Quid du pilier du conseil en ces temps de crise ?
Il s’avère très difficile de donner des conseils aujourd’hui. Personne n’a de boule de cristal, d’autant plus que la violence et la soudaineté de cette crise, d’abord sanitaire puis économique et sociale, est inédite. Chaque pays va décider à sa manière de relancer l’économie après la gestion de la crise. Mais je pense qu’il sera nécessaire de coordonner les politiques publiques à l’international, notamment compte tenu de la dépendance du Maroc à ses principaux partenaires européens. Avant la pandémie, le Maroc avait déjà entamé une réflexion sur son nouveau modèle de développement économique. Une fois la gestion de l’urgence sanitaire passée, cette réflexion sera encore plus d’actualité afin de redéfinir le modèle de développement, d’entamer des transformations structurelles profondes, tant économiques que sociétales, pour un modèle de développement qui soit inclusif. On pense tous à l’accès aux services vitaux, à la santé et à l’éducation, ainsi qu’à une économie verte décarbonée.

L’Union européenne est un partenaire stratégique du Maroc. Croyez-vous que la crise va impacter les engagements entre les deux parties ?
Je ne suis pas l’Union européenne et je ne peux pas me prononcer en son nom. Il est certain, d’un point de vue économique, que l’Europe souffre énormément alors que les principaux partenaires du Maroc sont européens. Le Maroc a une très bonne carte à jouer avec la dimension africaine. La perturbation des flux commerciaux et des chaînes de valeur va certainement aboutir à une recomposition de la carte mondiale des échanges au profit et au détriment des uns et des autres. Le Maroc me paraît à mon avis très bien placé pour tirer avantage de cette nouvelle recomposition.

Quel regard portez-vous sur la situation actuelle au Maroc en termes d’impact du coronavirus sur l’économie nationale ?
Le monde entier est touché par la pandémie de Covid-19. Le Maroc n’est malheureusement pas épargné. Les autorités ont été très réactives voire proactives dans la gestion de la crise sanitaire. Au niveau macro-économique, il faut s’attendre à une année 2020 très difficile économiquement et socialement parlant, non seulement du fait des conséquences sanitaires mais aussi de la sécheresse agricole en raison des niveaux de pluviométrie très faibles. Il est très difficile de donner des chiffres exacts en termes de prévision par ce que la situation est très fluide. La crise économique sera probablement très intense avec un secteur privé qui souffre énormément, notamment les toutes petites et moyennes entreprises qui représentent le tissu économique majeur au Maroc. Le secteur informel est aussi touché de plein fouet. Je pense que le Maroc a des fondamentaux solides pour faire face à la crise. Il a démontré par le passé sa résilience aux chocs internes et externes. Mais cette crise est tellement exceptionnelle que je pense qu’il est très difficile de prédire ce qui va se passer.
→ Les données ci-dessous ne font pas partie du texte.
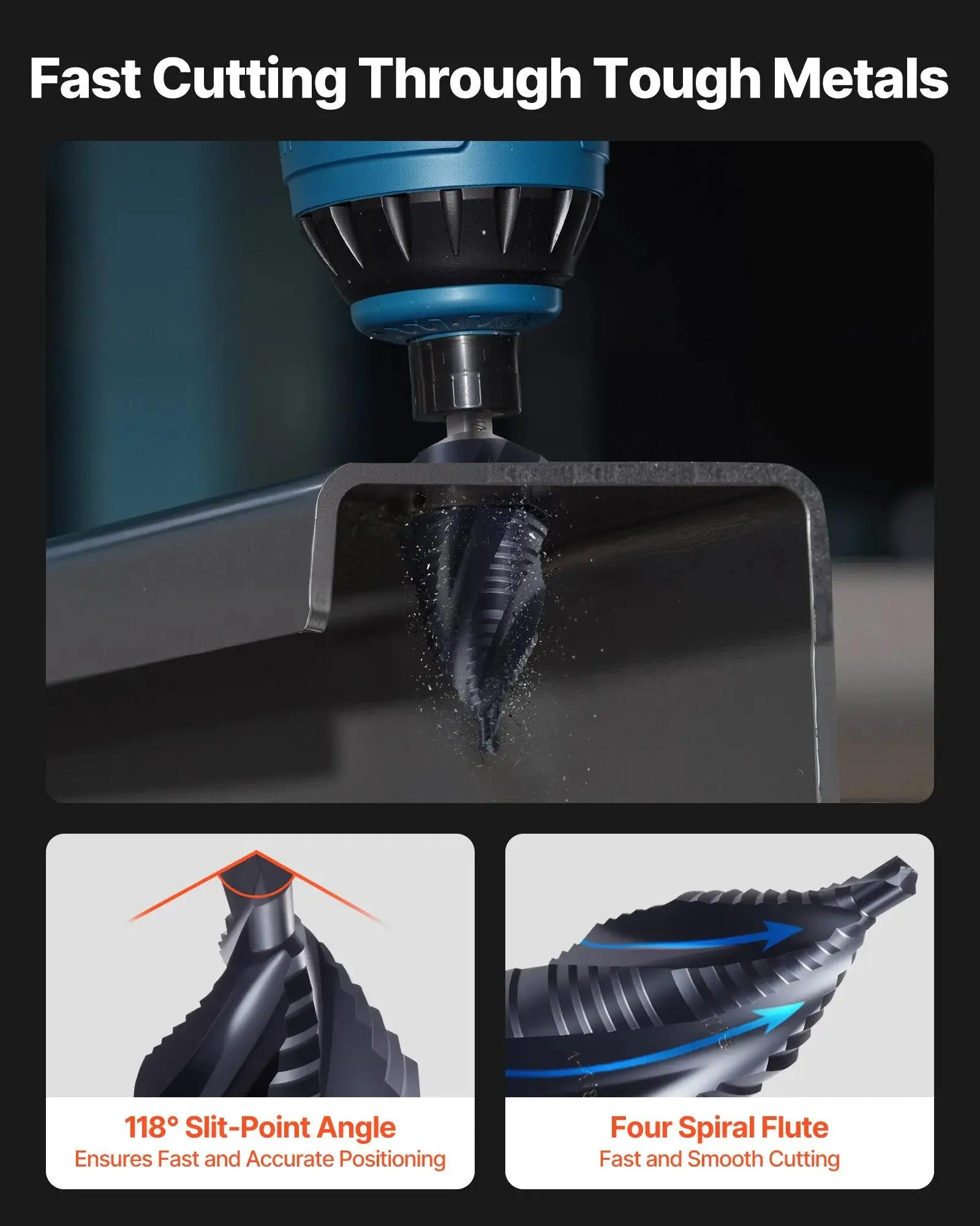 ·Optimized Cutting Angle: Our step drill bit for metal features a 118° tip and four-flute design, ensuring fast chip clearing, less heat buildup, and clean, burr-free holes in wood, plastic, and fiberglass
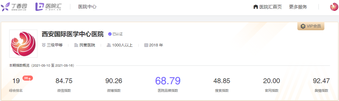 近日,丁香園醫(yī)院匯全國醫(yī)院品牌指數(shù)(5月10日—5月16日)周排行榜發(fā)布,西安國際醫(yī)學(xué)中心醫(yī)院進(jìn)入全國醫(yī)院品牌指數(shù)綜合排名前20強(qiáng),位列第19名。
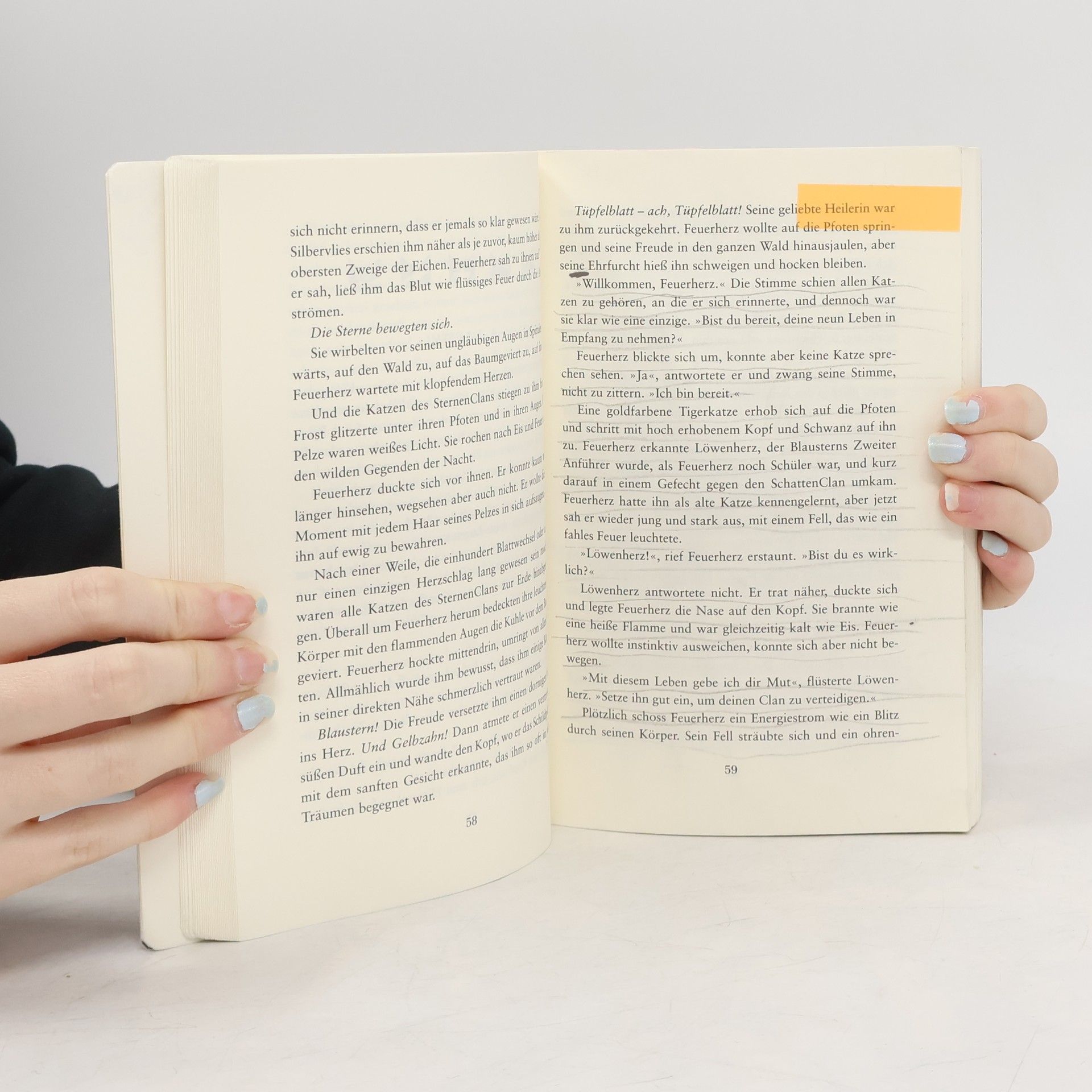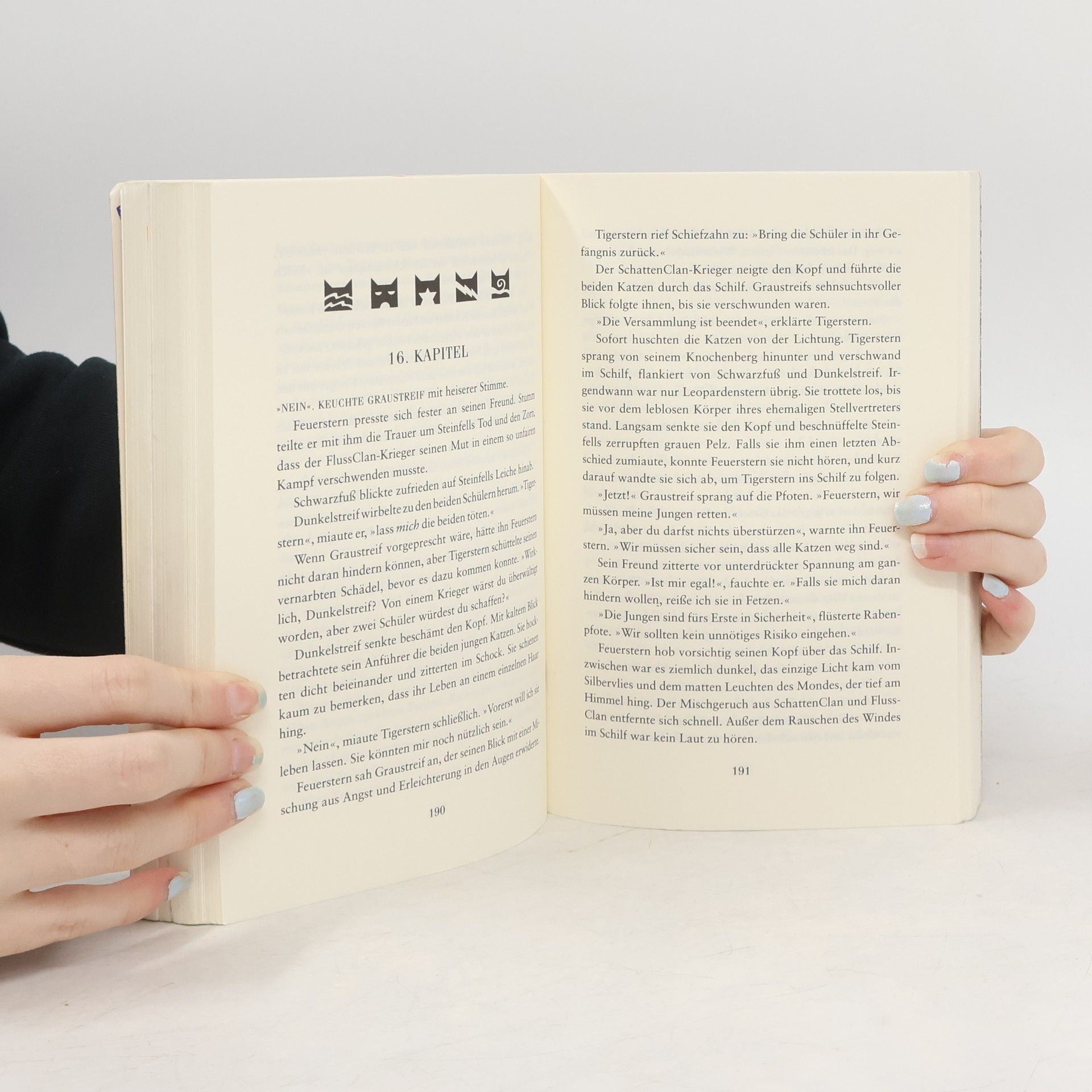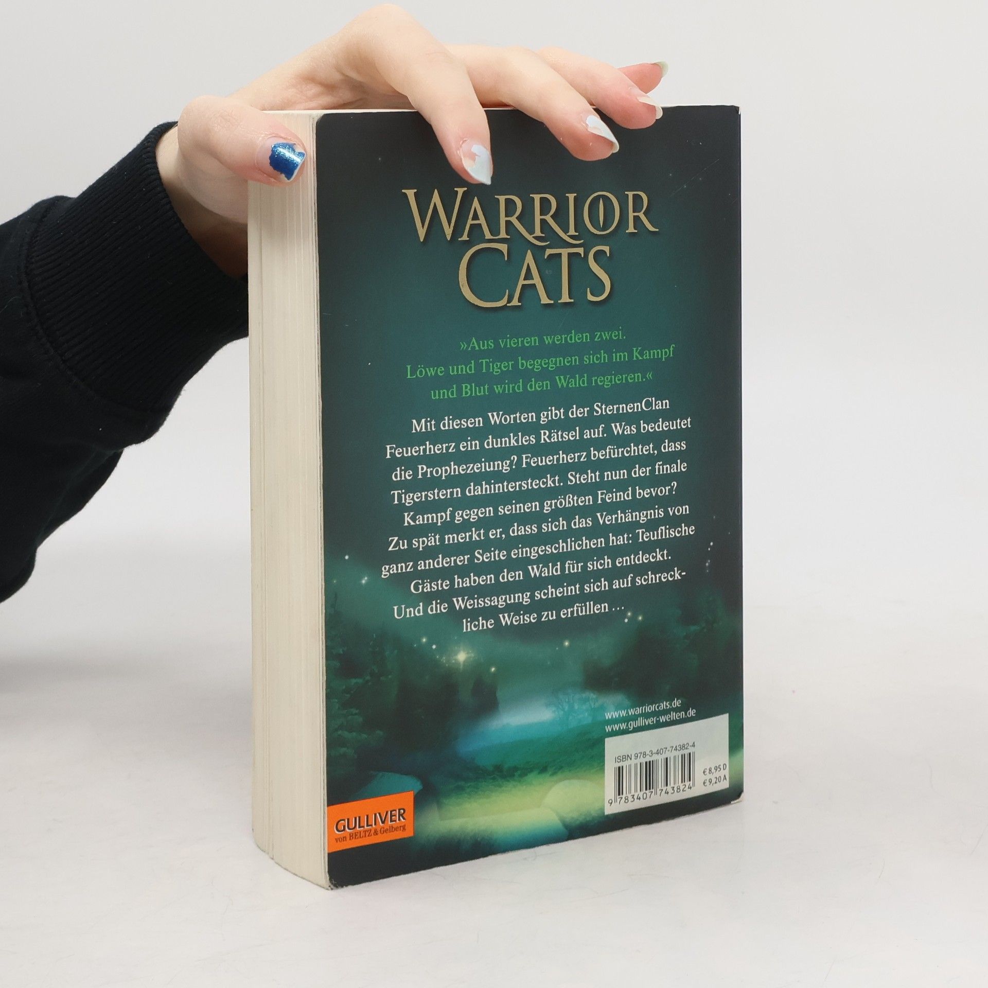 »Atmosphärisch sehr dicht, lässt der sechste Band um die Waldkatzen dem Leser kaum Zeit zum Luftholen.« Fränkische Nachrichten »Aus vieren werden zwei. Löwe und Tiger begegnen sich im Kampf und Blut wird den Wald regieren.« Mit diesen Worten gibt der SternenClan Feuerherz ein dunkles Rätsel auf. Was bedeutet die Prophezeiung? Feuerherz befürchtet, dass Tigerstern dahintersteckt. Steht nun der finale Kampf gegen seinen größten Feind bevor? Zu spät merkt er, dass sich das Verhängnis von ganz anderer Seite eingeschlichen hat: Teuflische Gäste haben den Wald für sich entdeckt. Und die Weissagung scheint sich auf schreckliche Weise zu erfüllen …

La BERD au Maroc est totalement mobilisée pour accompagner ses partenaires et le royaume dans la gestion de la crise et soutenir le secteur privé et par conséquent, l’emploi au Maroc. 
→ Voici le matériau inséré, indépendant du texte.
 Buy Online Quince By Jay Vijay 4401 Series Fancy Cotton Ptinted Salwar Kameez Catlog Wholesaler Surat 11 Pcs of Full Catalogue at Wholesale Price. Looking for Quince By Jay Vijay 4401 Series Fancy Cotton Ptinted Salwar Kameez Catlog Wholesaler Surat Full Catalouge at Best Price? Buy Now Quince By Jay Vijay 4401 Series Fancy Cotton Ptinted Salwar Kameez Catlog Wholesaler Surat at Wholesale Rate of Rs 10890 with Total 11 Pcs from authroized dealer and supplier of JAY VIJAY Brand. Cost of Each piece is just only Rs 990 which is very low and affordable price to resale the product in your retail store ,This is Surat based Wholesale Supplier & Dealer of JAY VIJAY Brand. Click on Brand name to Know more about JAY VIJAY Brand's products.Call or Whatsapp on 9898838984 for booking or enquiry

Financement: plus de 400 millions d’euros d’investissement en 2020

La BERD est présente au Maroc depuis 2012. Avant la crise, l’institution internationale comptait dépasser le cap de 2 milliards d’euros d’investissement au Maroc. Il s’agit d’un montant cumulé au Maroc pendant les six dernières années. Ce qui représente, en fonction des années, selon la directrice de la BERD au Maroc, 200, 300 voire 400 millions d’euros d’investissement par an. Pour cette année, Marie Alexandra Veilleux-Laborie affirme que le soutien de la BERD à l’économie marocaine par le financement va atteindre un record puisque la banque a toujours été présente lors de grandes crises économiques auprès de ses partenaires, et n’hésite pas à déployer les moyens financiers et techniques pour accompagner et soutenir les pays et ses partenaires en pareille situation. L’enveloppe d’investissement dépassera largement les 400 millions d’euros pour le Maroc cette année.